Over the next three years, we are planning to invest a total of approximately EUR15 billion in R&D and capital expenditures to further fuel and fuel our growth. So we’re also confident for 2011, our outlook projects 10% core EPS growth.
So, let’s not take a brief look at the Q4 figures. In my comments, I will concentrate on the sales data adjusted for portfolio and currency effects. Net sales in the quarter improved by 8% driven by higher volumes, higher selling prices contributed 2% to the increase. Adjusted EBITDA rose by 12% and core earnings per share by 6% to EUR0.59.
Net cash flow increased by 10%. Reported fourth quarter earnings were diminished by substantial special charges. EUR825 million were mainly due to impairments and asset write-downs, EUR67 million were incurred for litigations in the United States and 62 million for restructuring and healthcare. As a result, reported group EBIT dropped by 86% to EUR51 million. After non-operating results of minus 237 million, we recorded a pre-tax loss of 186 million for the quarter and net loss of 145 million and earnings per share of minus EUR0.18.
From a regional perspective, the strongest growth was achieved in the emerging economies. In Western Europe, business gained 4% and in the United States, business declined by 1%. The emerging markets however accomplished for now 38% of group sales. In these markets, we extended our sales by 19% versus strongest growth achieved in the emerging Asian markets and Latin America. These figures clearly demonstrate that we are well positioned in the emerging markets and as our significant investment stack are paying up.

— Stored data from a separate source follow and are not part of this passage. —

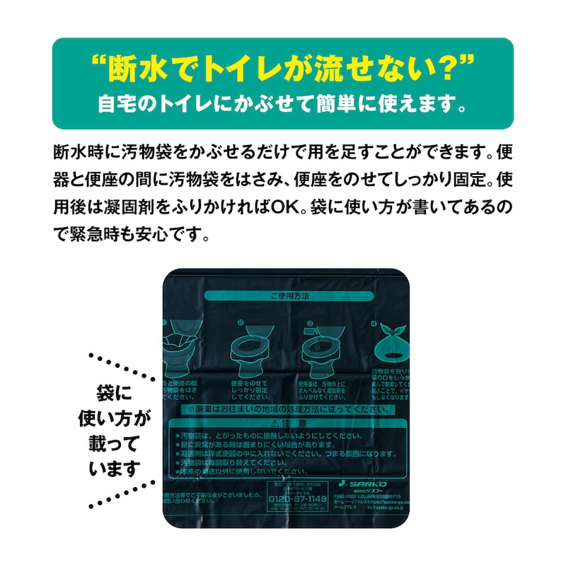 断水でトイレが使えない時のために常備しておくのがおすすめ。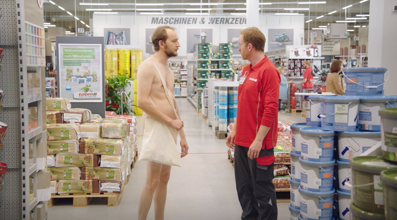 Der nackte Mann, ein Naturschützer, ist auf der Suche nach einer stabilen Kette, um sich an einen Baum zu fesseln, damit dieser nicht gefällt werden kann. Stattdessen empfiehlt ihm der Toom-Mitarbeiter umweltfreundliche, torffreie Erde, um selber Bäume pflanzen zu können.
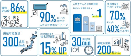 日々利用する大学食堂内での広告のため、86%の学生に認知されています。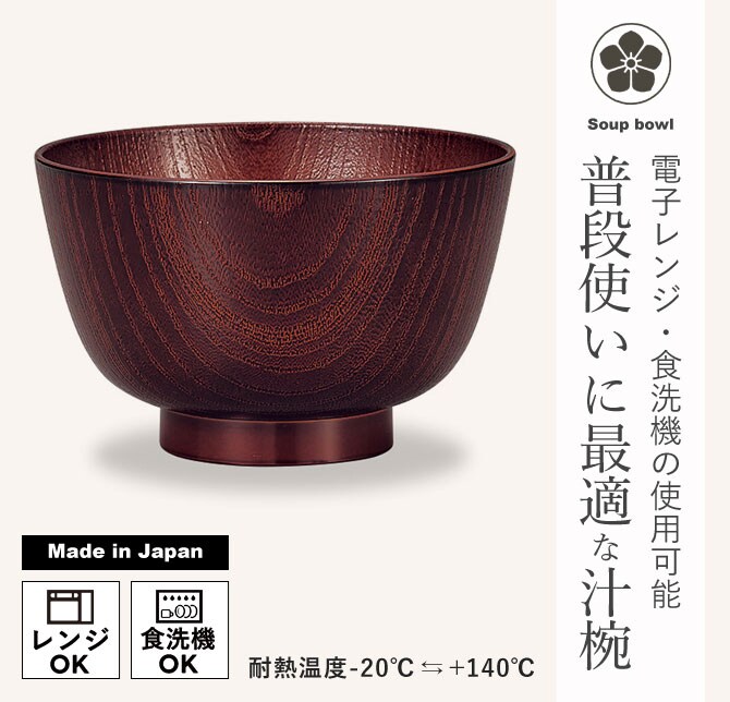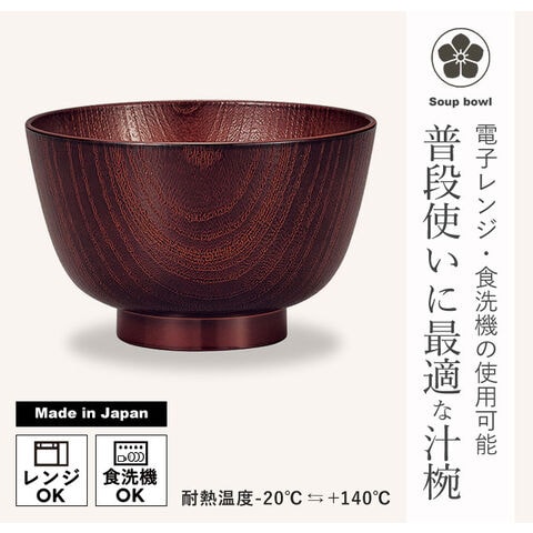 木目調でありながら家庭用電子レンジ・食器洗い乾燥機対応の優れた汁椀です。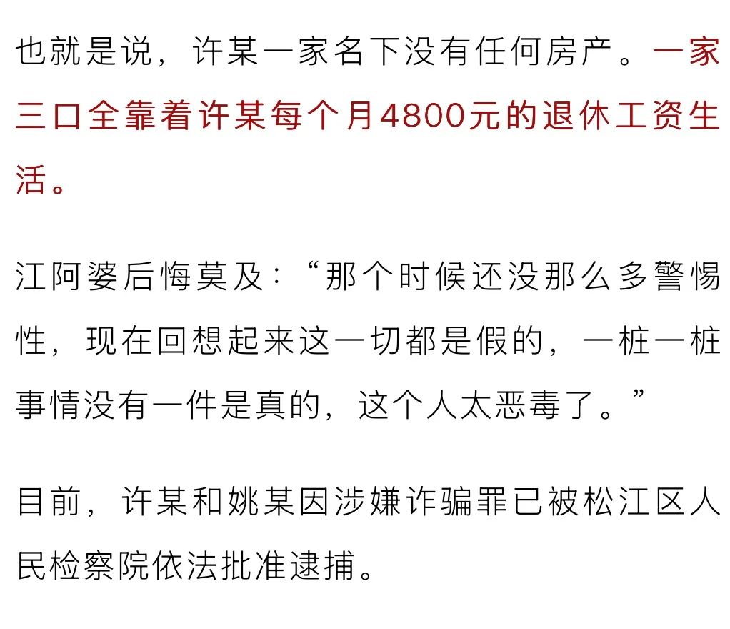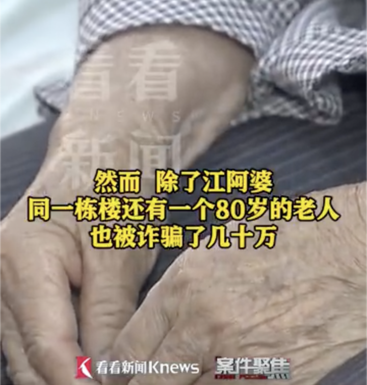 除了江阿婆,同一棟樓裏,還有一個80歲的朱阿婆也被許某一家以相同的手法詐騙了幾十萬。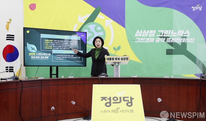[서울=뉴스핌] 최상수 기자 = 심상정 정의당 대선 후보가 10일 오전 서울 여의도 국회에서 '그린노믹스 그린경제 공약'을 발표하고 있다. 2022.01.10 kilroy023@newspim.com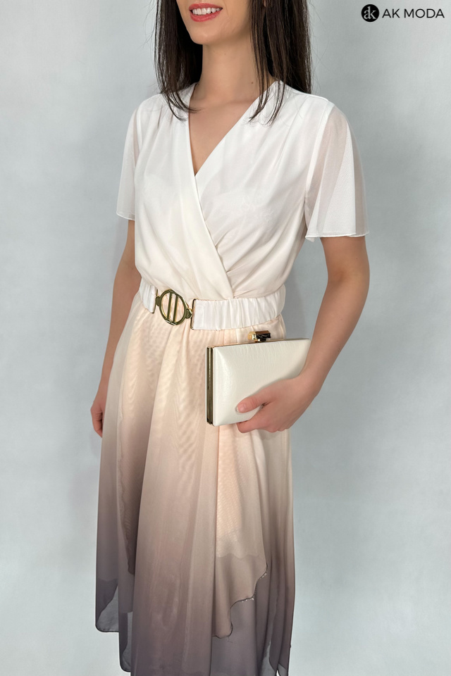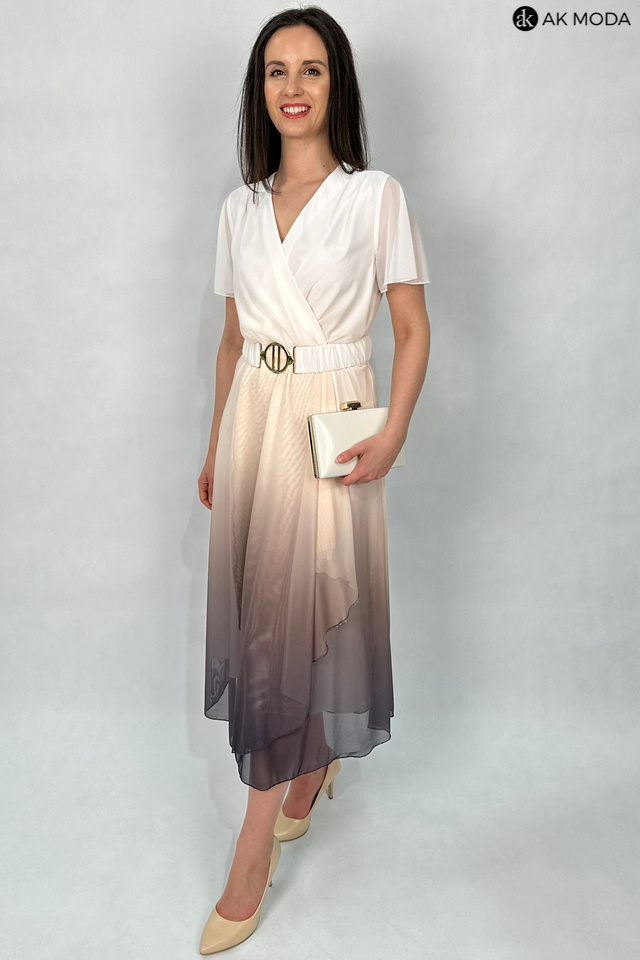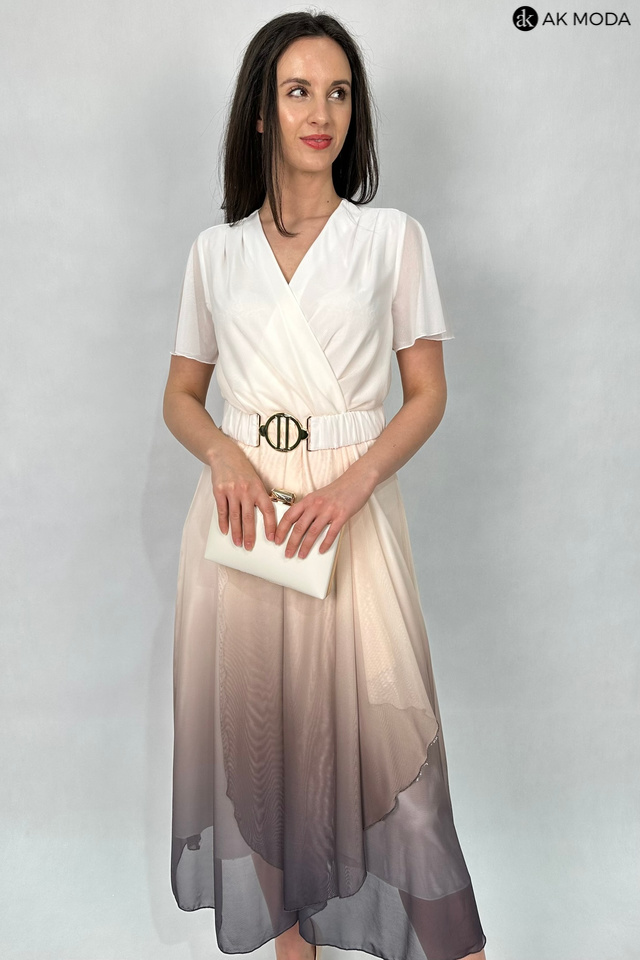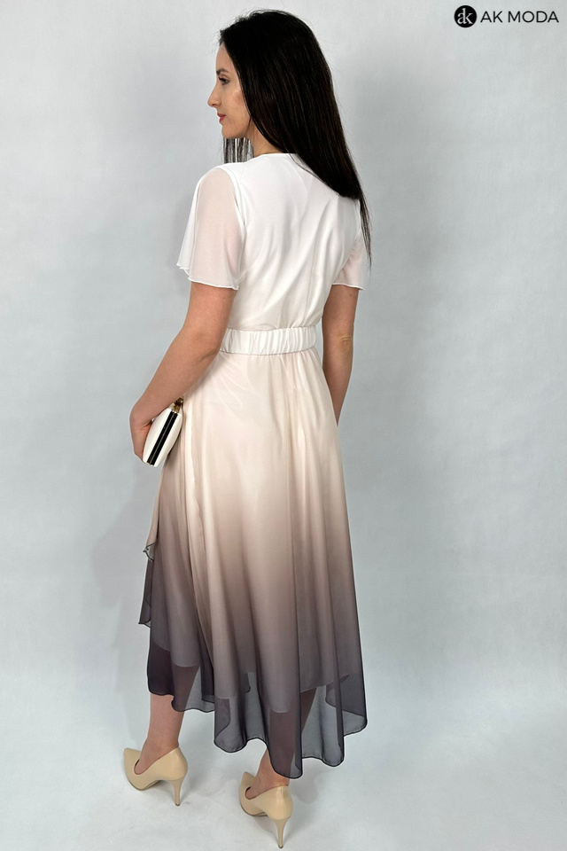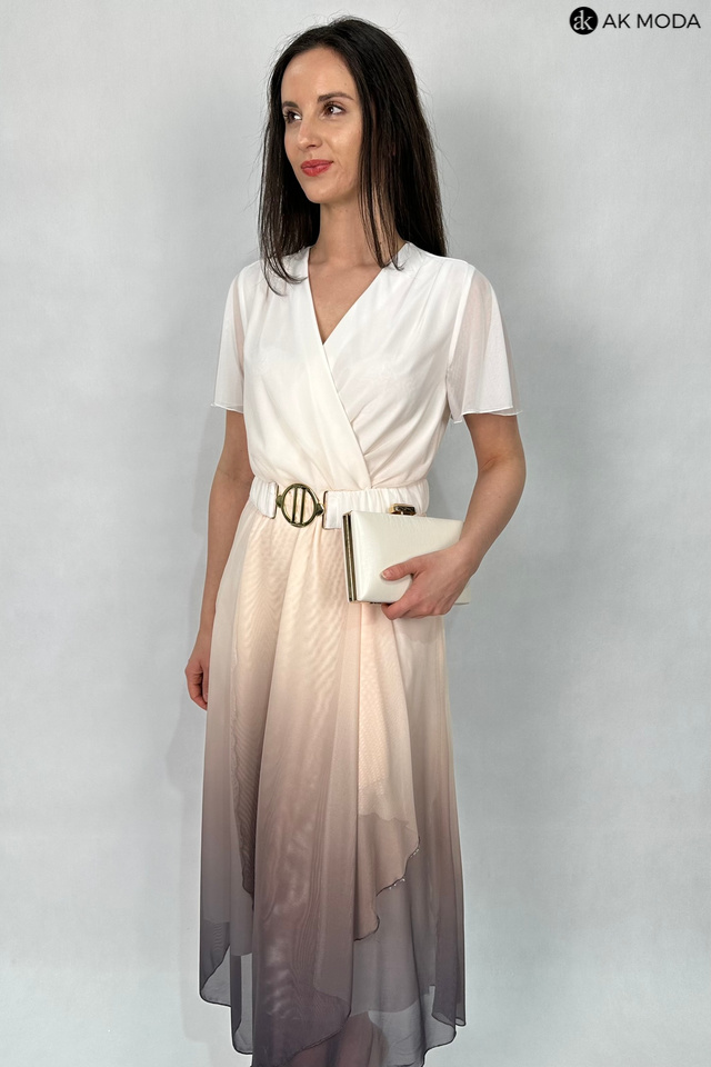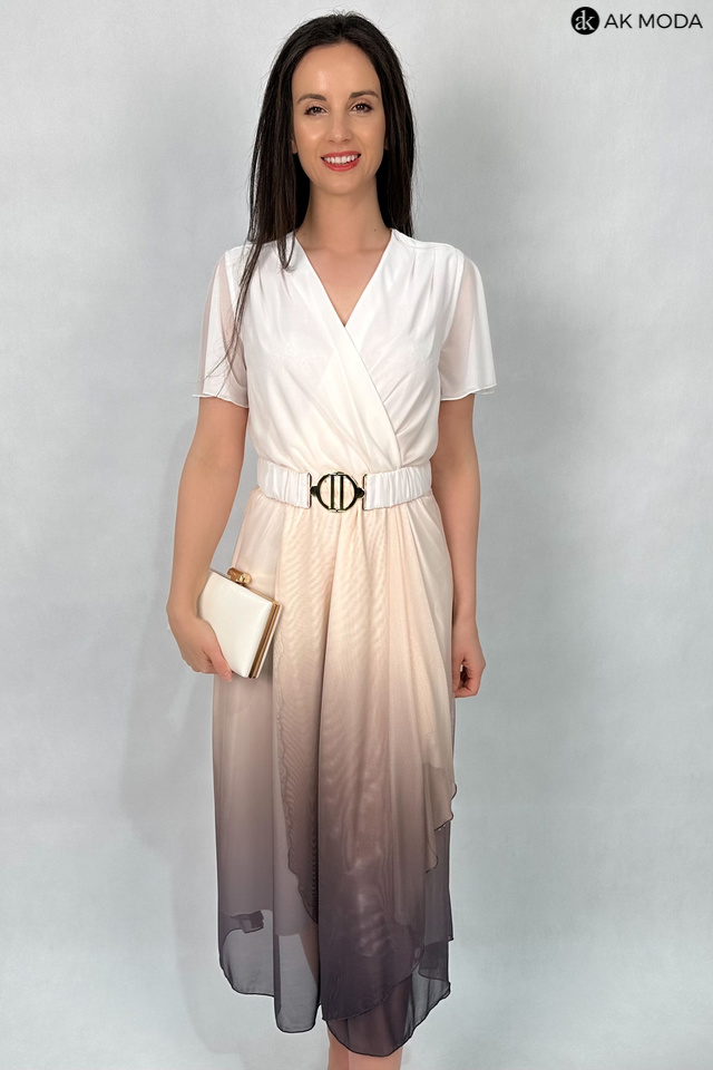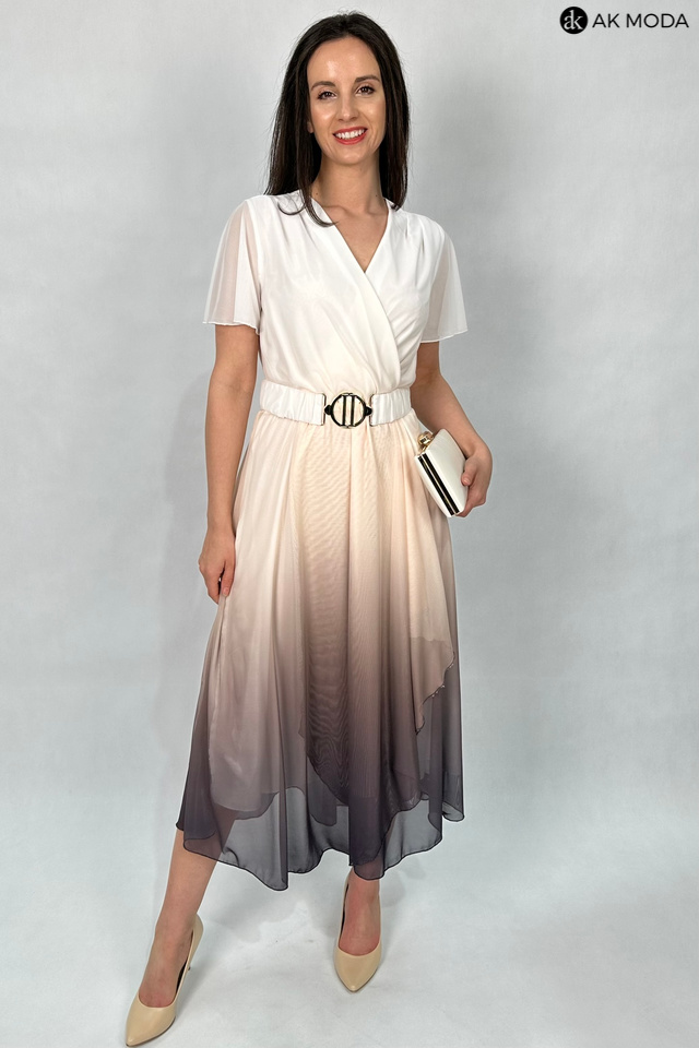 Rozkloszowana sukienka midi uszyta z siateczkowego materiału w odcieniach brązu i beżu. Dekolt kopertowy - dopasowuje się do biustu, krótkie transparentne rękawy, w talii gumka i elastyczny pasek.

Gross cash flow of the Bayer Group advanced in the fourth quarter by 37% to EUR1.4 billion in light of the improved operating performance. Net cash flow moved ahead by 10% to EUR1.9 billion and free operating cash flow by 11% to 1.4 billion. As a result of the strong performance, we were able to reduce net financial debt in the quarter by 1.2 billion compared to the previous quarter to now 7.9 billion at year-end.